中学一年生の夏の頃、母方の祖父に譲ってもらった人形の頭に穴を開けてしまった。たしか、人形のおでこに付いた汚れをピンセットの針で削り取ろうとした時に開けてしまったんだと思う。

「二週間後に取りにきて」

 ドールショップの若い男の店員は、うちわを仰ぎながらそう言った。どんな見た目だったのか、あまり思い出せないが、細身とは程遠い体つきだったと思う。

「どうやって直すんですか?」

 俺は、店員が信用出来なかった訳ではないが、そんなことを聞いた。

「そりゃあ、長年の知恵で直すんだよ」

 店員はそう言いながら、四つ折りにしていた紙を俺に渡した。

「これが君の控え。つまり、人形を受け取るのに必要な紙だ。ちゃんと持って来いよ」

 うちわが風を切る音がやけに耳に残っている。


 冷たい空気に鳥肌が立ち、意識が戻った。いつの間にか自分の席に座っているみたいだ。

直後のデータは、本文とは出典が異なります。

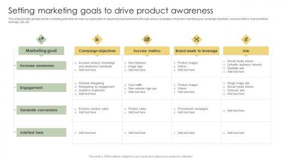This slide provides glimpse about a marketing plan that can help our organization to expand product awareness through various campaigns. It includes marketing goal, campaign objectives, success metrics, brand assets to leverage, ads, etc. Do you have to make sure that everyone on your team knows about any specific topic I yes, then you should give Implementing Client Onboarding Process Setting Marketing Goals To Drive Product Awareness Mockup PDF a try. Our experts have put a lot of knowledge and effort into creating this impeccable Implementing Client Onboarding Process Setting Marketing Goals To Drive Product Awareness Mockup PDF. You can use this template for your upcoming presentations, as the slides are perfect to represent even the tiniest detail. You can download these templates from the Slidegeeks website and these are easy to edit. So grab these today.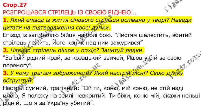 РОЗПРОЩАВСЯ СТРІЛЕЦЬ ІЗ СВОЄЮ РІДНЕЮ... 1. Який епізод із життя січового стрільця оспівано у творі? Наведи цитати на підтвердження своєї думки. Епізод із загибеллю бійця на болі бою. ”Листям шелестить, вбитий стрілець лежить, Його коник над ним зажурився” 2. Навіщо стрілець пішов у похід? Зацитуй рядки. “За свій рідний край, за козацький звичай, Йшов у бій за свою перемогу”. 3. У чому трагізм зображеного? Який настрій пісні? Свою думку обґрунтуй. Настрій сумний, трагічний: “Ой ти, коню, мій коню, не стій наді мною, Я полежу на землі невкритий. Ти біжи, коню мій, скажи неньці рідній, Що я за Україну убитий”.

 高耶と紫乃さんが、さっきまで話していたことをまた話していた。

 ふと、眉間の上を触ってみる。拳銃に撃たれて空いた穴は当然のように塞いであった。

「いつから見えてるの? その星は」

「入学式よりは前だな。ちゃんとよく覚えてないけど。そんくらいだよ」

 いったい、なにが起きたのか。あの男は、窓の方を向いて座っている。

 俺はあの男に拳銃で撃たれたはずなのに、そんな形跡はどこにも残っていない。

 男の集まりが帰っていく。しかし、男の集まりはとっくに帰っていたはずで、それがなにを意味するのか。俺の乏しい想像力では、時間が遡ったという非現実的な結論しか出なかった。

「子供の頃から見えてるわけじゃないんだね。それじゃあ、一時的なものかな。なんにしてもね、そういうものには深く関わらない方がいいよ」

 俺は立ち上がり、あの男の方に向かう。暗い窓に映った男と目が合った。

「ど、ど、どうしたんだい?」

 その男はこちらに振り返った。とても低く、聞き取りづらい声だ。

 眉間の痛みが蘇った気がした。思わず怒鳴りそうになる。が、ふと冷静になって考えると、クラスメイトが拳銃を発砲するなんてあまりに現実味がなく、ましてや時間の遡りが起きたなんて、俺の妄想である可能性の方が圧倒的に高いと気がついた。

「いや、その、こんな時間まで、なんで残ってるのかなって」

 とっさに冷静になり、適当なことを喋ってしまった。

「そそ、そんなこと、貴様には関係がないっ」

 低く、母音と子音に全く区切りがない喋りかたで非常に聞き取りづらいが、貴様には関係がないと、そう言っているのは間違いない。たとえ、聞き間違えていたとしても、表情を見れば好意的な発言ではなかったことが容易に分かる。

「ああ、そう、だよね。あの、その机の中……」

「う、う、うるさいよ。ぼっ、僕、帰るんだ。邪魔しないでくれっ」

 高耶も紫乃さんも男女のグループも、俺の行動を訝しげに眺めている。男は机から弁当箱ほどの青色をしたタオル生地の袋を取り出して、カバンにしまい席を立った。そのわずかな瞬間に、袋が中の物の形をわずかに映し出した。

「それ、本物だよな?」

 男の背中に向かって聞くと、病人のような顔をこちらに向けた。

「いったい、どど、どうなってるんだよ」

 そして、足早に教室を出ていった。あの、青いタオル地の袋の中身は、俺を撃ち殺した拳銃だとしか思えなかった。